___ ENTRIES PROVIDED
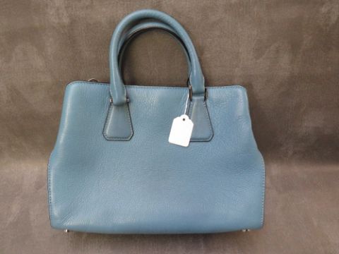 A MICHAEL KORS WEDGWOOD BLUE LEATHER HAND BAG, with twin carry handles and detachable shoulder strap, white metal hardware, H 23 cm, W 30 cm, D 12 cm
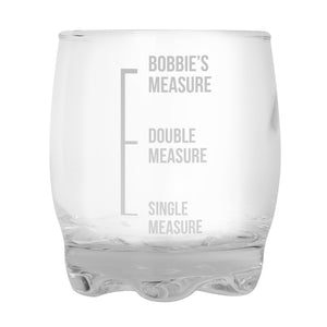 Personalise this whisky glass with any name up to 12 characters in length. The words 'MEASURE', 'DOUBLE MEASURE', and 'SINGLE MEASURE' are fixed.
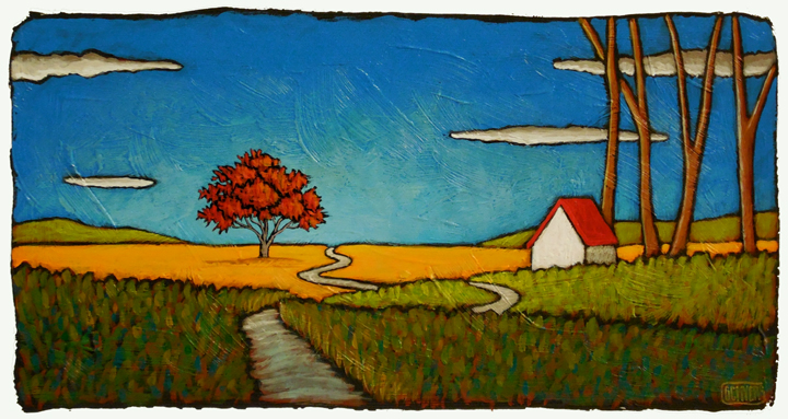 One of the new paintings that is part of my solo show, Traveler, at the Principle Gallery is a small piece titled The Ferryman. It’s a depiction of a man poling a small boat across a body of water, simply constructed with the impact coming from its starkness and the intensity of its color. It’s a theme that I have revisited several times over the years. Perhaps it is the symbolic nature of the crossing or the essential nature of a single individual propelling themselves forward.
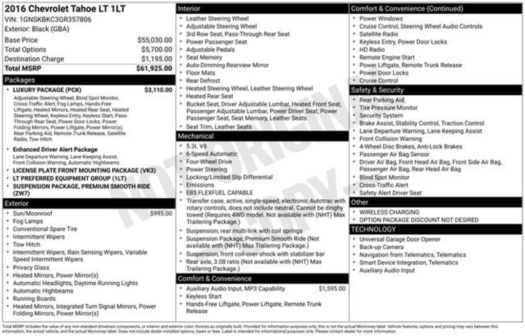 No Payments for 120 days on any New 2025 vehicle only at Capitol Auto Group- with finance terms up to 84 months!! Or any 2023 model or older pre-owned vehicle only at Capitol Auto Group- with finance terms up to 84 months!! Must be a MAPS credit union member to qualify. With an Experian score of 696 or higher. Effective 12-4-2025 through 1-15-2026 See dealer for more qualifying details. Recent Arrival! Odometer is 2314 miles below market average!Awards:* JD Power Initial Quality Study, JD Power APEAL Study * 2016 KBB.com 16 Best Family Cars * 2016 KBB.com Best Buy Awards * 2016 KBB.com Best Resale Value Awards * 2016 KBB.com Best Buy Awards FinalistWe Buy cars- Fast, Fair and Easy This 2016 Black Chevrolet Tahoe LT 4WD is well equipped and includes these features and benefits: License Plate Front Mounting Package, Luxury Package (2nd Row Pwr Release 60/40 Split Folding Bench Seat, 3rd Row 60/40 Power Fold Split-Bench, Extended-Range Remote Keyless Entry, Fog Lamps, Front & Rear Parking Assist, Hands Free Power Liftgate, Heated 2nd Row Seats, Heated Leather Wrapped Steering Wheel, Memory Settings, Passive Entry System, Power Tilt & Telescopic Steering Column w/Memory, Power-Folding Heated Outside Mirrors, Push Button Keyless Start, Rear Cross-Traffic Alert, Side Blind Zone Alert w/Lane Change Alert, and Wireless Charging), Preferred Equipment Group 1LT (1st & 2nd Row Color-Keyed Carpeted Floor Mats, 2nd Row 60/40 Split-Folding Manual Bench, 3rd Row Manual 60/40 Split-Folding Fold Flat Bench, 4-Wheel Antilock Disc Brakes, 5 12-Volt Auxiliary Power Outlets, Auto-Dimming Inside Rear-View Mirror, Black Assist Steps, Bose Premium 9-Speaker System, Color-Keyed Carpeting Floor Covering, Driver Inboard & Front Passenger Airbags, Electronic Cruise Control w/Set & Resume Speed, Enhanced Driver Instrument Information Display, Floor Console, Leather-Wrapped Steering Wheel, OnStar Basic Plan For 5 Years, Power Liftgate, Power-Adjustable Accelerator & Brake Pedals, Rear Park Assist w/Audible Warning, Roof-Mounted Luggage Rack Side Rails, SiriusXM Satellite Radio, and Universal Home Remote), Premium Smooth Ride Suspension Package, 18 x 8.5 Aluminum Wheels, 3.08 Rear Axle Ratio, 3rd row seats: split-bench, 4-Wheel Disc Brakes, 6-Way Power Front Passenger Seat Adjuster, 9 Speakers, ABS brakes, Adjustable pedals, Air Conditioning, Alloy wheels, AM/FM radio: SiriusXM, Apple CarPlay, Auto High-beam Headlights, Auto-dimming Rear-View mirror, Automatic temperature control, Brake assist, Bumpers: body-color, CD player, Compass, Delay-off headlights, Driver door bin, Driver vanity mirror, Dual front impact airbags, Dual front side impact airbags, Electronic Stability Control, Emergency communication system: OnStar, Exterior Parking Camera Rear, Forward Collision Alert Sensor Indicator, Front anti-roll bar, Front Bucket Seats, Front Center Armrest, Front dual zone A/C, Front Heated Reclining Bucket Seats, Front reading lights, Front wheel independent suspension, Fully automatic headlights, Garage door transmitter, Heated door mirrors, Heated front seats, Illuminated entry, IntelliBeam Headlamps, Lane Departure Warning System, Lane Keep Assist, Leather-Appointed Seat Trim, Low tire pressure warning, Memory seat, Occupant sensing airbag, Outside temperature display, Overhead airbag, Overhead console, Panic alarm, Passenger door bin, Passenger vanity mirror, Pedal memory, Power door mirrors, Power driver seat, Power passenger seat, Power steering, Power Sunroof, Power windows, Premium audio system: Chevrolet MyLink, Radio: Chevrolet MyLink AM/FM Stereo, Rain sensing wipers, Rear air conditioning, Rear anti-roll bar, Rear reading lights, Rear Seat Blu-Ray/DVD Entertainment System, Rear seat center armrest, Rear window defroster, Rear window wiper, Remote keyless entry, Roof rack: rails only, Safety Alert Driver Seat, Security system, Single-Slot CD/MP3 Player, Speed control, Speed-sensing steering, Split folding rear
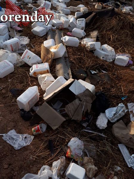 При ближайшем рассмотрении стало ясно, что это тара из под пестицидов - ядовитых веществ, используемых для уничтожения вредителей и возбудителей болезней растений, а также различных паразитов, сорняков, вредителей зерна и зернопродуктов. В части из них даже еще плещется жидкость.
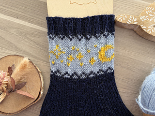 Les chaussettes Sélène se tricotent en toe-up. On commence par la pointe qui est tricotée classiquement en augmentant de chaque côté et on termine par la cheville qui est tricotée en côtes. La cheville est ornée d’un motif représentant la lune et des étoiles tricoté en jacquard.
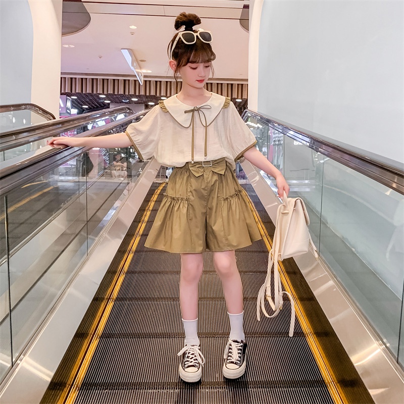 女童韩版套装2025夏季新款儿童洋气娃娃领短袖中大童休闲两件套
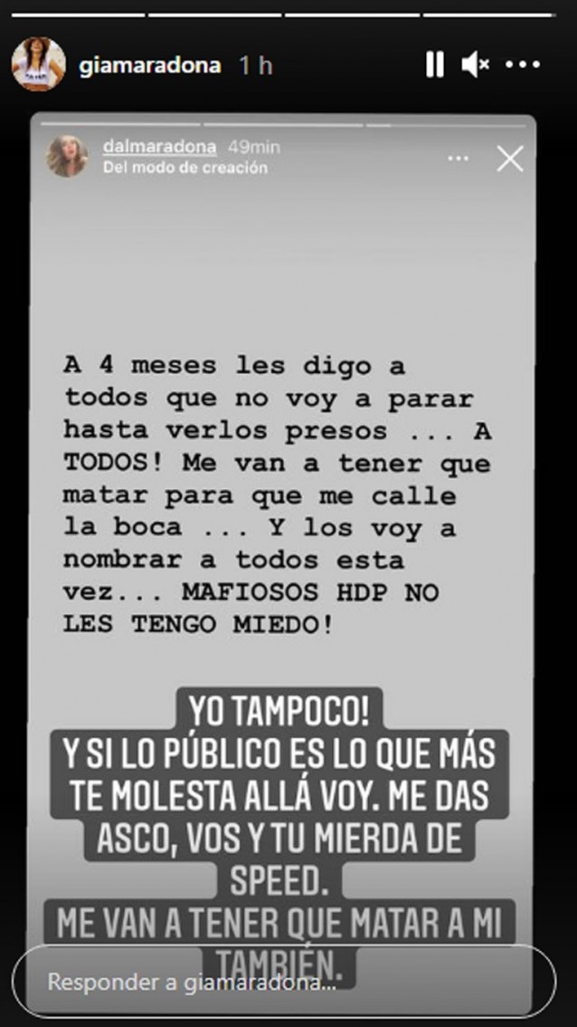 “A cuatro meses les digo a todos que no voy a parar hasta verlos presos... A TODOS!”, expresó Dalma Maradona en una Instagram Story. “Me van a tener que matar para que me calle la boca... Y los voy a nombrar a todos esta vez... MAFIOSOS HDP NO LES TENGO MIEDO!”, cerró.
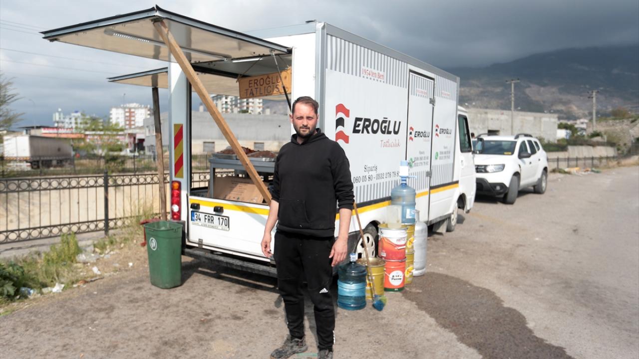 Vefat eden yakınlarını defnettikten sonra dükkanını yeniden ayağa kaldırmaya karar vererek personelini toplayan Eroğlu, çevresindekilerin de desteğiyle temin ettiği iki aracı seyyar tatlıcıya çevirdi.
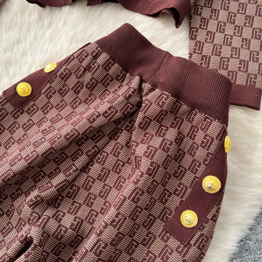 European-style chic and sophisticated two-piece set: round neck long-sleeved knit top with metal buckle and high-waisted wide-leg pants.
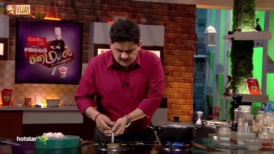 This cookery show would be a first of its kind in South India and a delight to every household. The fun part is, it won’t be just you who will learn cooking, but your favourite stars too. This tamil cookery show would feature celebrities walking into the show and learning cooking to present a dish to their loved ones, cooked with love and of course with the expert advice of our Chef Venkatesh Bhat.
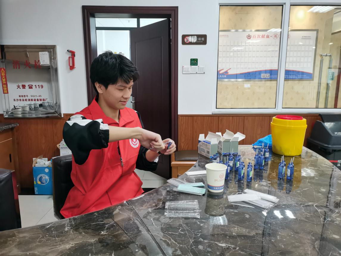 在活动负责人葛敏和王荣的带领下,志愿者们依次到达长沙血液中心。志愿者们用完餐后前往三楼准备献血。无偿献血宣传服务队的队员们在各个岗位上分好工,有序安排志愿者们进行填表登记、血液检测、献血前准备等流程。血液中心为大家准备了零食和饮料,安抚大家在等待时焦虑的心情。在献血的时候,护士姐姐们向大家讲述有关血液的知识和宣传无偿献血的精神,并提醒大家献完血后应该注意的事项。
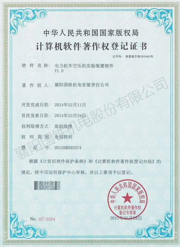 電力機車空壓機實驗裝置軟件(軟件著作權(quán)證書)
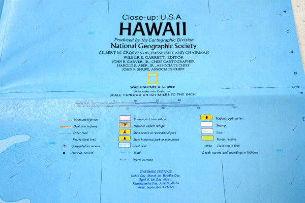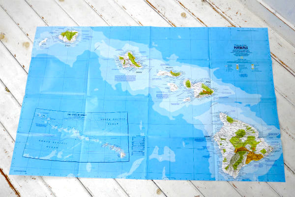ハワイ HWAWAII オアフ島 マウイ島 カウアイ島・80s ビンテージ・マップ・地図 店内装飾
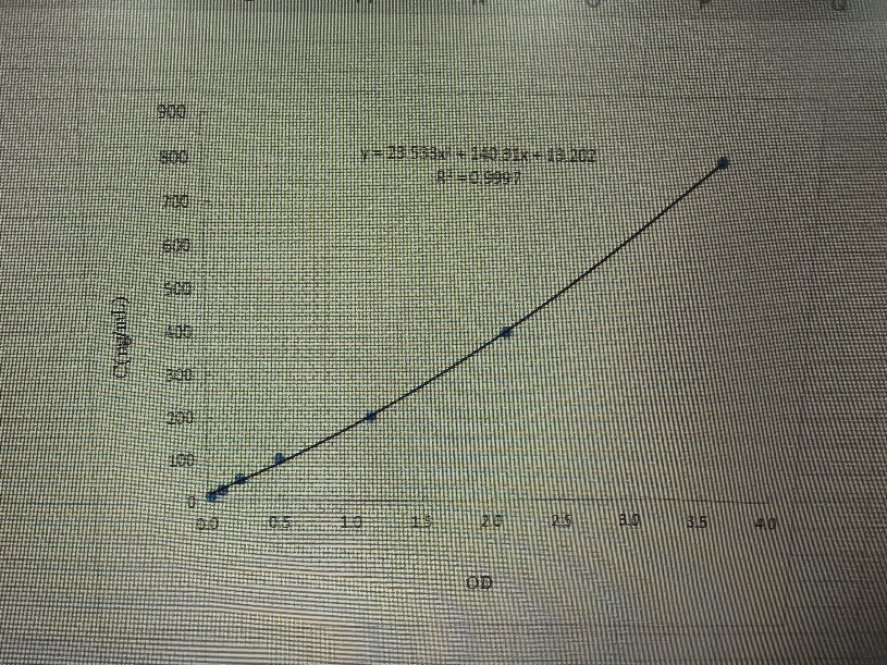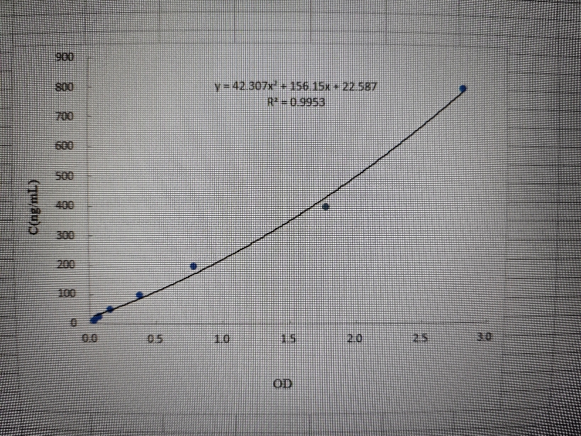 ng/ml OD1 OD2 Average Corrected 800 2.801 2.869 2.835 2.748 400 2.484 2.398 2.441 2.354 200 1.716 1.768 1.742 1.655 100 0.944 0.968 0.956 0.869 50 0.454 0.468 0.461 0.374 25 0.256 0.248 0.252 0.165 12.5 0.147 0.151 0.149 0.062 0 0.085 0.089 0.087 -
______
The copy should start at the line that contains "This cookery show", end at the last line of the entries above, and match each line exactly, with pictures dropped.

 This cookery show would be a first of its kind in South India and a delight to every household. The fun part is, it won’t be just you who will learn cooking, but your favourite stars too. This tamil cookery show would feature celebrities walking into the show and learning cooking to present a dish to their loved ones, cooked with love and of course with the expert advice of our Chef Venkatesh Bhat.
 在活动负责人葛敏和王荣的带领下,志愿者们依次到达长沙血液中心。志愿者们用完餐后前往三楼准备献血。无偿献血宣传服务队的队员们在各个岗位上分好工,有序安排志愿者们进行填表登记、血液检测、献血前准备等流程。血液中心为大家准备了零食和饮料,安抚大家在等待时焦虑的心情。在献血的时候,护士姐姐们向大家讲述有关血液的知识和宣传无偿献血的精神,并提醒大家献完血后应该注意的事项。
 電力機車空壓機實驗裝置軟件(軟件著作權(quán)證書)
ハワイ HWAWAII オアフ島 マウイ島 カウアイ島・80s ビンテージ・マップ・地図 店内装飾
 ng/ml OD1 OD2 Average Corrected 800 2.801 2.869 2.835 2.748 400 2.484 2.398 2.441 2.354 200 1.716 1.768 1.742 1.655 100 0.944 0.968 0.956 0.869 50 0.454 0.468 0.461 0.374 25 0.256 0.248 0.252 0.165 12.5 0.147 0.151 0.149 0.062 0 0.085 0.089 0.087 -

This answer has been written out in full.